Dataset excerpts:
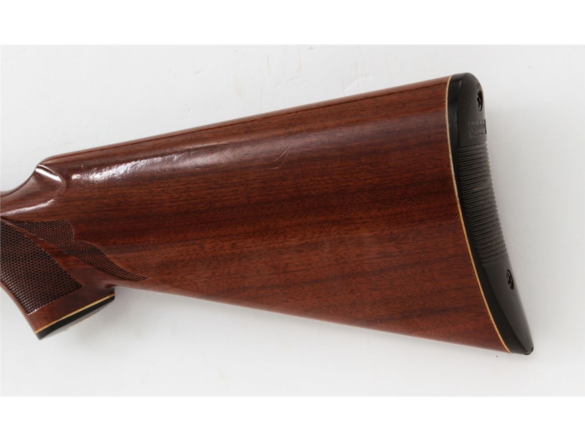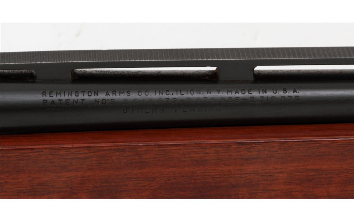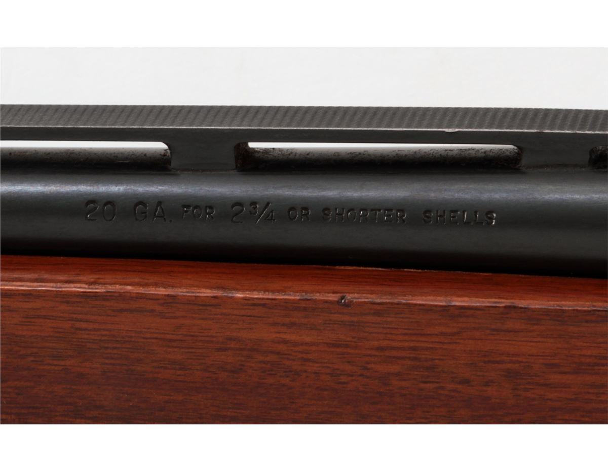 Remington Model 1100 Semi-Automatic Shotgun, #207527X, 20 ga., 25-1/2'' vent rib barrel for 2-3/4'' shells choked Imp. Cyl., blue finish, pressed checkered walnut stock. Condition is near fine retaining approx. 94% original blue with light scuffs and scratches. Stock with light general handing marks from field use. Crisp action, mirror bright bore. Est.: $300-$500. (Modern)
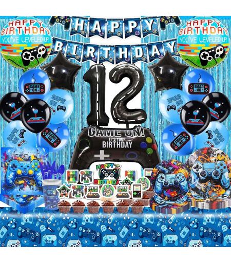 119 Pièces Anniversaire Gamer 12 Ans,2025 Nouveau Bleu Decoration Anniversaire Garçon,Video Jeu Birthday Banner,Gaming Party Decorations Gobelets Ballons,Serviettes(Deco Gamer 12 Ans¿
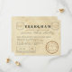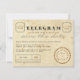 Den här vintagen inspirerade telegram Spara datumkortet är en roligt och ett unikt sätt att tillkännage din stora dag! Visas med ljusbrunt, mörk brunt och svart bläck. Den bildade sepia-/tebakgrunden kommer att tryckas på papperets yta till ge om utformningen och åldrasens utseende. Anpassa kortet genom att skriva ut namn, datum och plats för bröllop på framsidan, och se till att inkludera all reseinformation och bröllop webbplats på baksidan. Om du vill justera färg klickar du på orangen "anpassa det" ovan. Fler teckensnitt färg visas på högerna.
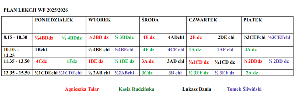 Plan lekcji WF
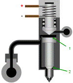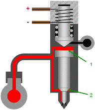 • 相同的燃油壓強(qiáng)施加在柱塞頂面 (1)和針閥凸臺(tái)區(qū)域 (2) 上
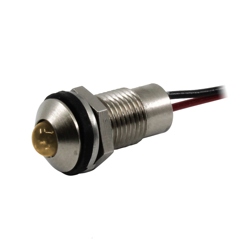 LED Panel Mount Indicator Amber .319″ Long Body 48V Wire Leads IP67

**WHAT THE TASK REQUIRES:** Leave out the pictures, and please output only the lines from the line that contains "Plan lekcji WF" through the end of the data, both ends included.

**EXERCISE OUTPUT:**
 Plan lekcji WF
 • 相同的燃油壓強(qiáng)施加在柱塞頂面 (1)和針閥凸臺(tái)區(qū)域 (2) 上
 LED Panel Mount Indicator Amber .319″ Long Body 48V Wire Leads IP67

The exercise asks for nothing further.